### DATA EXTRACT
■ ■ ■ ■ ■ ■ ■
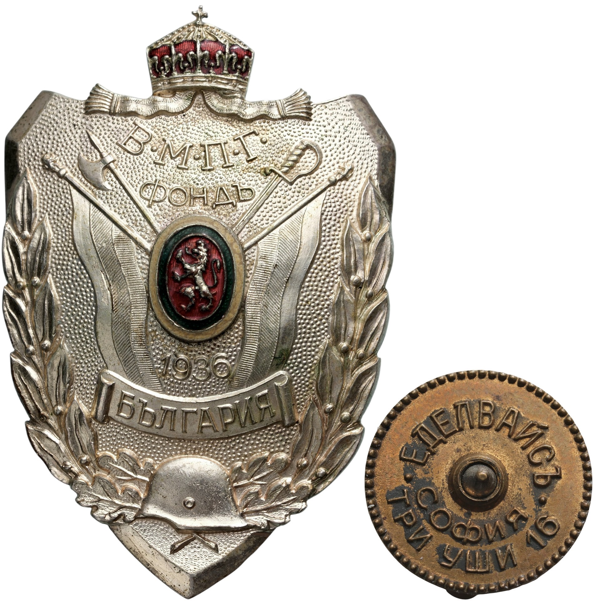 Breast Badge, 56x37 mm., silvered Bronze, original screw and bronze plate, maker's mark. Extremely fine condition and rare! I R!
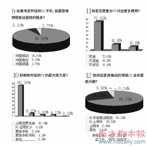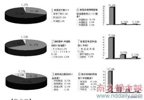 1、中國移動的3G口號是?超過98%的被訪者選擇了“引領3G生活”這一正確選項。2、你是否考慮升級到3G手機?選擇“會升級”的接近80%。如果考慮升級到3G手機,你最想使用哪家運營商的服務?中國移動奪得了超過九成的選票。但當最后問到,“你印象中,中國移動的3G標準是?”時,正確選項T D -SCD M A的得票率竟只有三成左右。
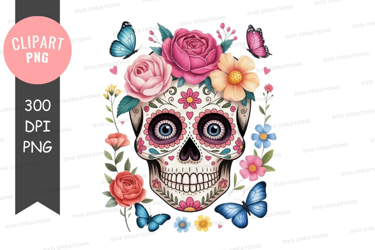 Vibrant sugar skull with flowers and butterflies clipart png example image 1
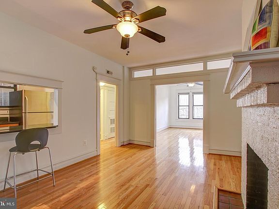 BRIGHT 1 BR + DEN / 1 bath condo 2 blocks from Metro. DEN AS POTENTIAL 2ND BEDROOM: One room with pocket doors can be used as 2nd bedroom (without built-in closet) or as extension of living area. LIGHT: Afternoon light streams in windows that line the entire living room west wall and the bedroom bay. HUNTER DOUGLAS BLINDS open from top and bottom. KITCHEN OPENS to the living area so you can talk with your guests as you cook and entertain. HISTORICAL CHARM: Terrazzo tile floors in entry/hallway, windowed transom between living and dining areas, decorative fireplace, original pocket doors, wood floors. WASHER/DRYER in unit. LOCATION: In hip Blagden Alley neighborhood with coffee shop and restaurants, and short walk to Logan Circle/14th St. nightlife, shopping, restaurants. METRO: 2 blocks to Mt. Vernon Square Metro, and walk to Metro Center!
■ ■ ■ ■ ■ ■ ■
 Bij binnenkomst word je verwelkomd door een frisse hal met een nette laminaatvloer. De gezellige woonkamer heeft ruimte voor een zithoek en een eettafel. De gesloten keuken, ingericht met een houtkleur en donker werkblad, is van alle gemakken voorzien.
■ ■ ■ ■ ■ ■ ■
### WHAT YOU NEED TO DO
With the pictures omitted, copy exactly the lines of the listing above starting at the line containing "Breast Badge, 56x37" and ending at the line containing "Vibrant sugar skull", both included.

### RESPONSE AREA
 Breast Badge, 56x37 mm., silvered Bronze, original screw and bronze plate, maker's mark. Extremely fine condition and rare! I R!
 1、中國移動的3G口號是?超過98%的被訪者選擇了“引領3G生活”這一正確選項。2、你是否考慮升級到3G手機?選擇“會升級”的接近80%。如果考慮升級到3G手機,你最想使用哪家運營商的服務?中國移動奪得了超過九成的選票。但當最后問到,“你印象中,中國移動的3G標準是?”時,正確選項T D -SCD M A的得票率竟只有三成左右。
 Vibrant sugar skull with flowers and butterflies clipart png example image 1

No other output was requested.